TOLEDO, Ohio — In the days following the release of body and surveillance camera footage showing Memphis police officers savagely beating Tyre Nichols, protests and vigils happened across the country. 

In northwest Ohio, the University of Toledo held one of its own on Monday night through the College of Law. A somber atmosphere filled the evening air as at least 50 people gathered to remember Nichols.

Attendees said another vigil had to be organized for yet another Black person killed in a repeated cycle of police brutality, showing that it's past time to reform law enforcement nationwide.

"These are things that are happening over and over and over," second-year law student Ryan Niskar said. "We think they would stop after the first few times."

As law students, they say they've seen gruesome videos before. But the four videos released of the violence that led to Nichols' death were especially haunting.

"That made me more uncomfortable than I have ever seen," Niskar said. I felt like we've teleported back to the 1960s."

Not everyone has watched the videos, which show the officers striking Nichols multiple times, pepper spraying him, tasing him and leaving him laying limp against the side of a police car without immediate medical attention. Some don't want to experience the pain of watching another person die at the hands of the police.

"I personally haven't watched the video because I feel like I'm traumatizing myself at this point," Lexi Hartfield, a member of the Black law student association, said. "I just feel less safe."

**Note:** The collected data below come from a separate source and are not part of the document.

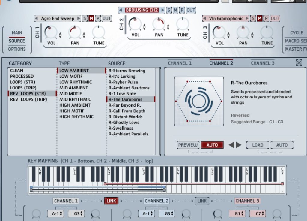 またHeavyocityのオーケストラ音源に収録されているループデザイナーの組み合わせは土台にしたり、ちょっと違う要素を乗せるだけで曲が完成してしまうとても便利な時短システムです。
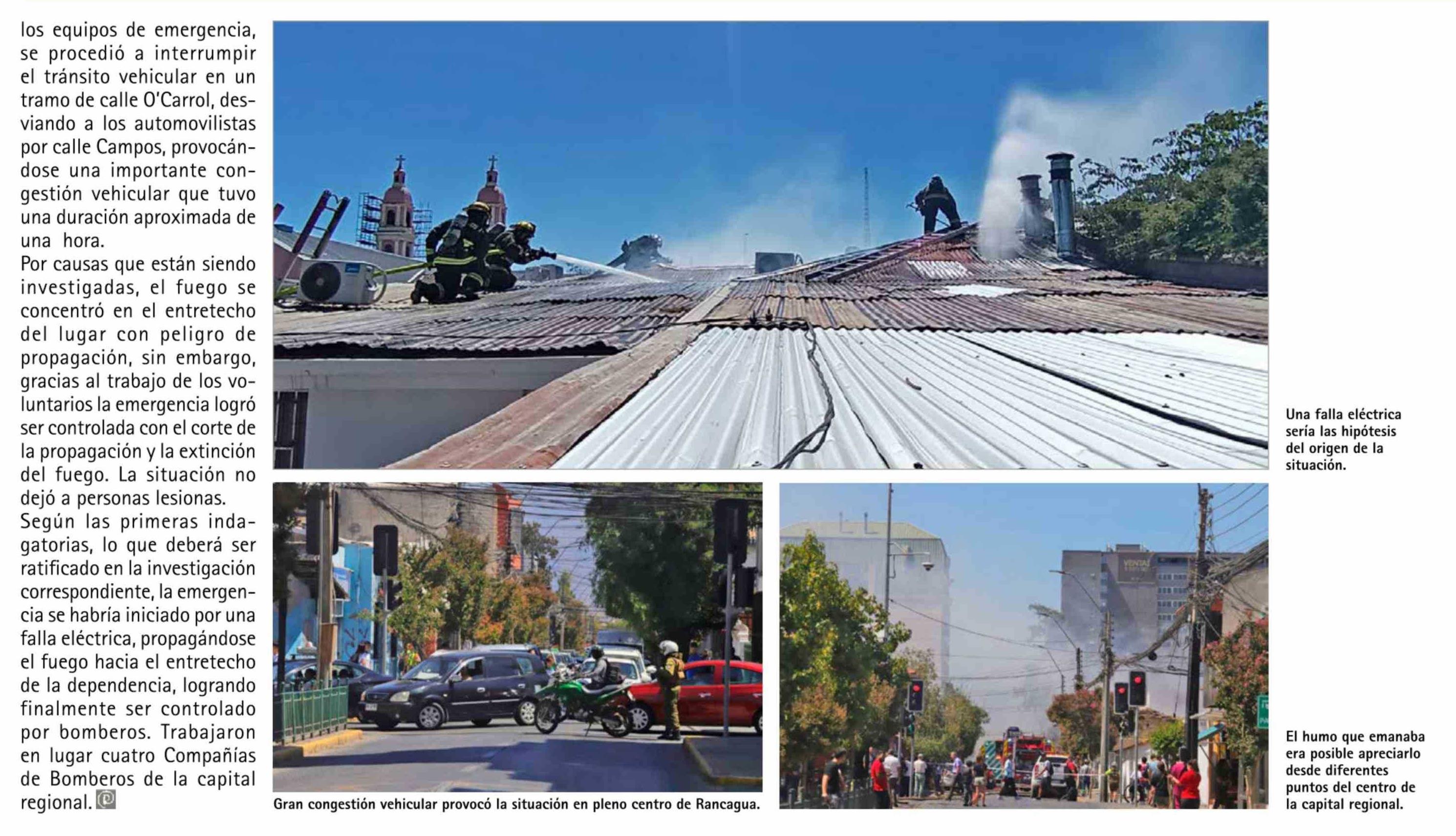 | Título: | Incendio estructural afectó dependencias del restaurante, "Club Rancagua" |
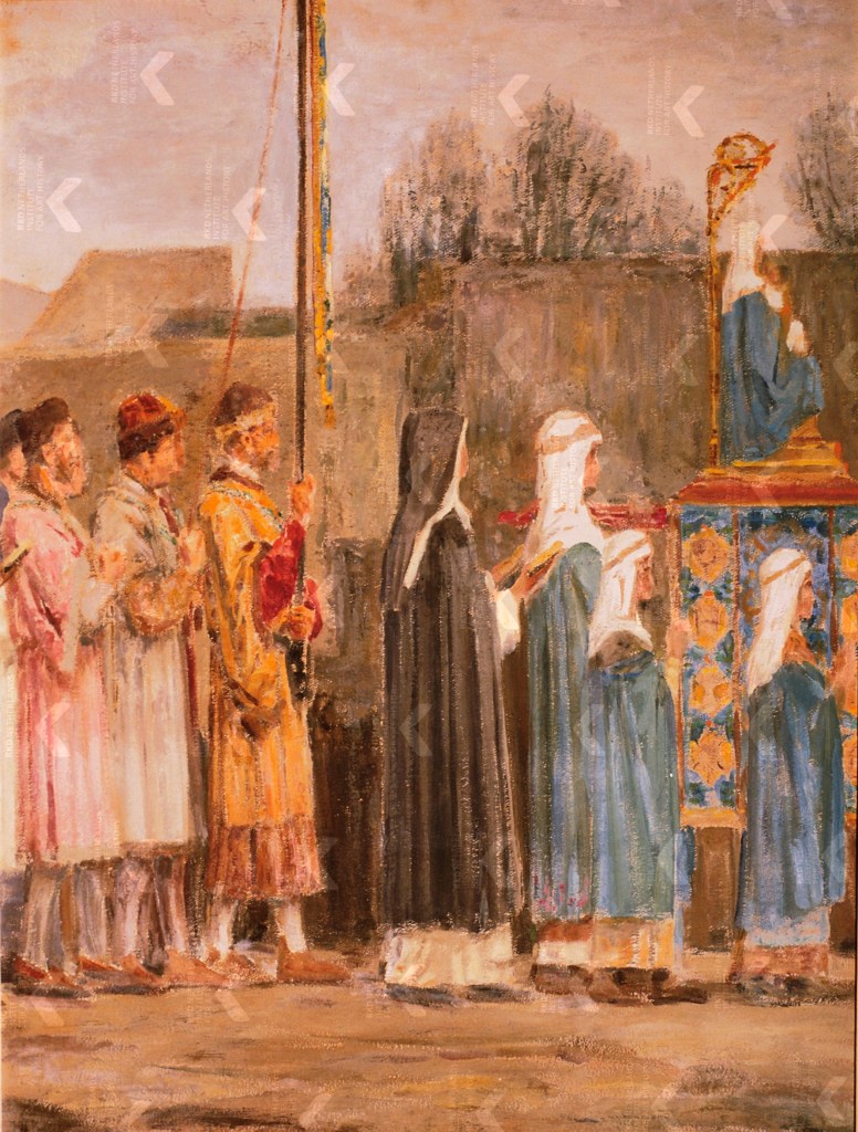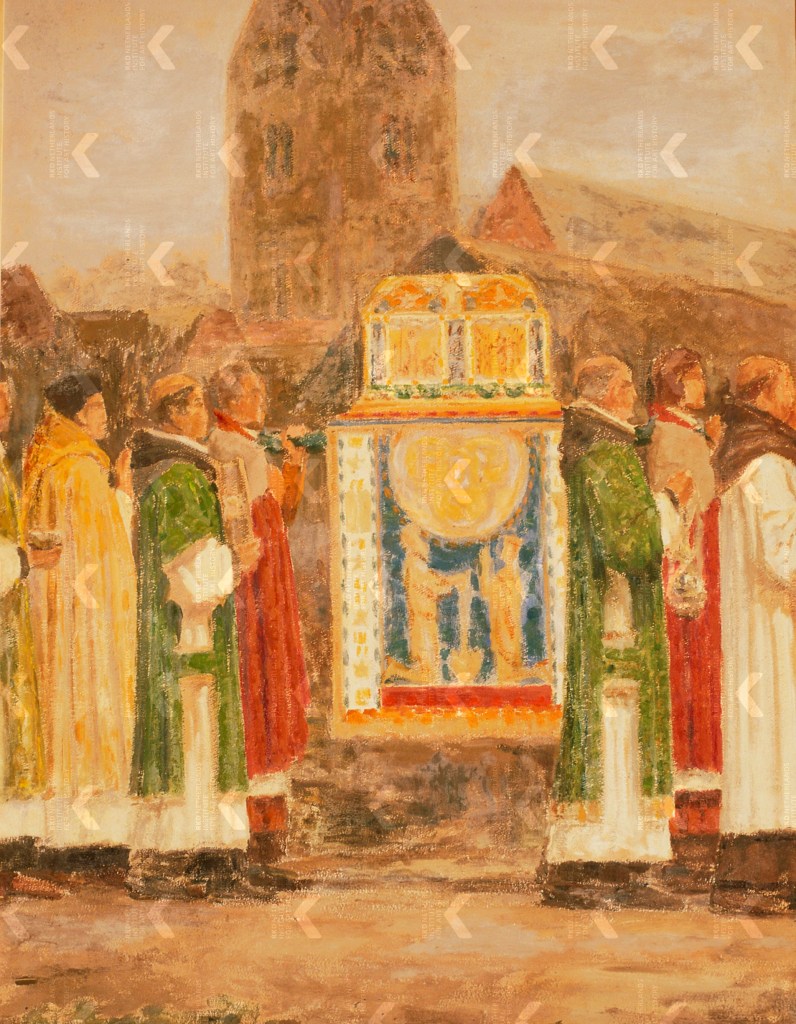That the dead body of a spiritual person could not be moved is a storyline that can be found in the old accounts about Saint Fris as well. Fris is a Frisian saint, said to be the son of King Radbod of Frisia (died 719), venerated in the south of France to this day; see our blog post Like Father, unlike Son. Un saint frison en France. Another example where this dead-weight situation occurs is with Saint Odulf, Apostle to the Frisians in the ninth century, when they tried to move his relics illegally from Evesham Abbey. Impossible to move. Find in our blog post Stavoren. A balancer on a slack rope of religion, trade, land, water, Holland, and Frisia an elaborate history of Saint Odulf in Frisia. A final example we must list is that of Saint Boniface. When he was murdered in Frisia in 754 and they tried to bury him, the body was too heavy to be moved. When the monks understood this was a sign Boniface wanted to be buried in the city of Mainz, suddenly his body could be lifted (Arnold 2024).
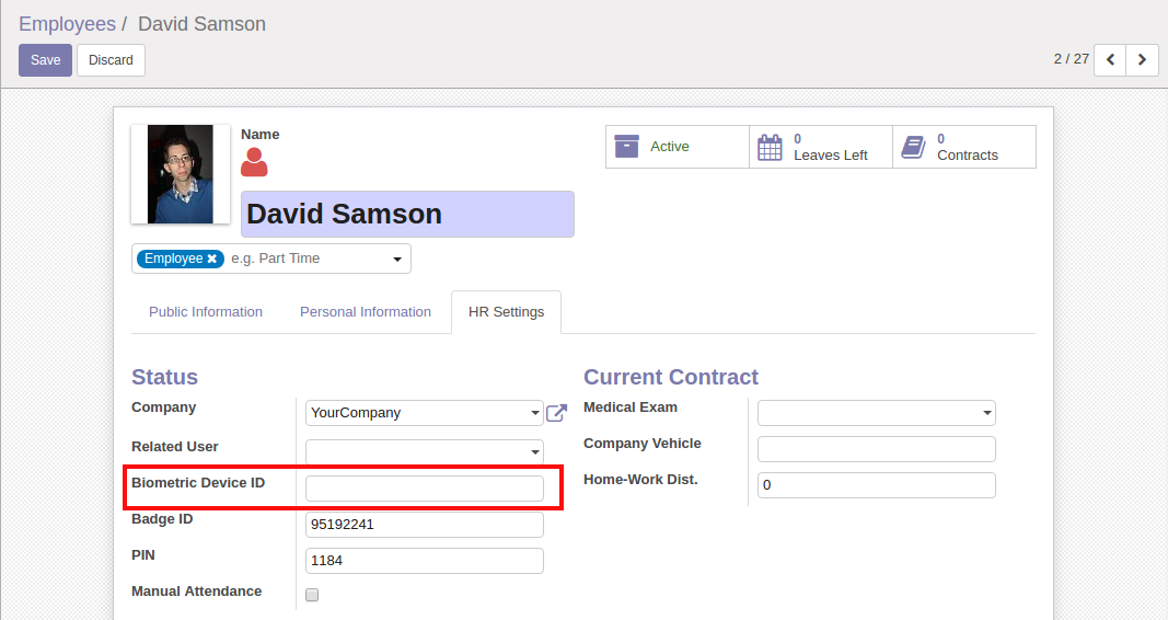 ☑ Ingrates biometric device(Face+Thumb) with HR attendance. ☑ Option to keep the device attendance log in Odoo. ☑ Option to clear the device attendance log from both device and Odoo. ☑ Automating HR attendance. ☑ Option to configure multiple devices.
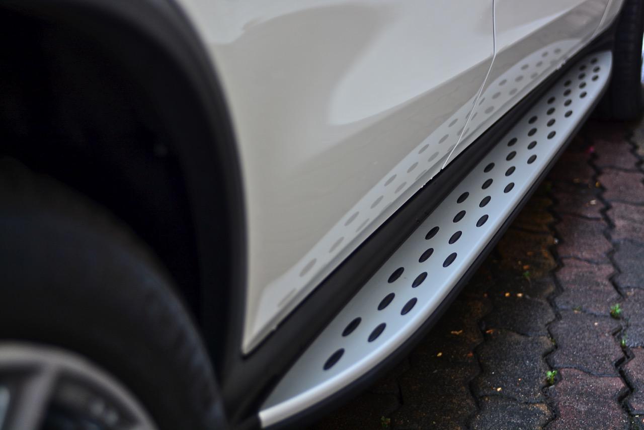 ทรงด้านข้างของ GLC 250d Coupe นั้นโดนใจลูกค้าไฮโซจำนวนมากจากการดีไซน์ให้มีส่วนผสมระหว่างรถแฮตช์แบ็คกับรถสปอร์ตที่เหนี่ยวนำเอาพื้นที่ใช้สอยภายในห้องโดยสารเป็นจุดขาย แนวหลังคาที่ค่อยๆ ลาดเทไปยังส่วนท้ายคล้ายกับรถคูเป้ กรอบกระจกกรุด้วยงานอัลลอยสีเงินยกระดับความสง่างาม กระจกมองข้างมีเลนส์ไฟเลี้ยวหลอด LED ตามสมัยนิยม เสาหน้าบางและมีระดับความลาดเอียงสอดคล้องกับแนวหลังคาที่เทลาดไปยังส่วนท้ายด้วยความกลมกลืน เสาท้ายมีกระจกบานหลังทรงโค้งที่ค่อนข้างบดบังมุมมองส่วนท้ายของตัวรถจากการออกแบบให้มันเป็นรถที่มีท้ายแบบแฮตช์แบ็ค ทั้งๆ ที่ทำตัวเป็นรถ SUV ขับเคลื่อน 4 ล้อ

But the vigil is also the group's way of addressing systemic problems in the U.S. Young aspiring lawyers can work to change these nationwide issues, Rebecca Zietlow, associate dean of the College of Law, said.

"When someone is tragically killed in this way by police officers, it directly affects the legal profession and lawyers and these are the young lawyers who are going to be making a difference," Zietlow said.

Hartfield said superficial changes in changes in police departments won't prevent more police brutality. Rather, issues like overly aggressive police need to be fixed.

"I think a lot of times people get lost in 'we need to hire more black officers, that's what we need' but that's not really the issue," Hartfield said. "It's police brutality, that aggressive nature and the police system that really needs to be attacked."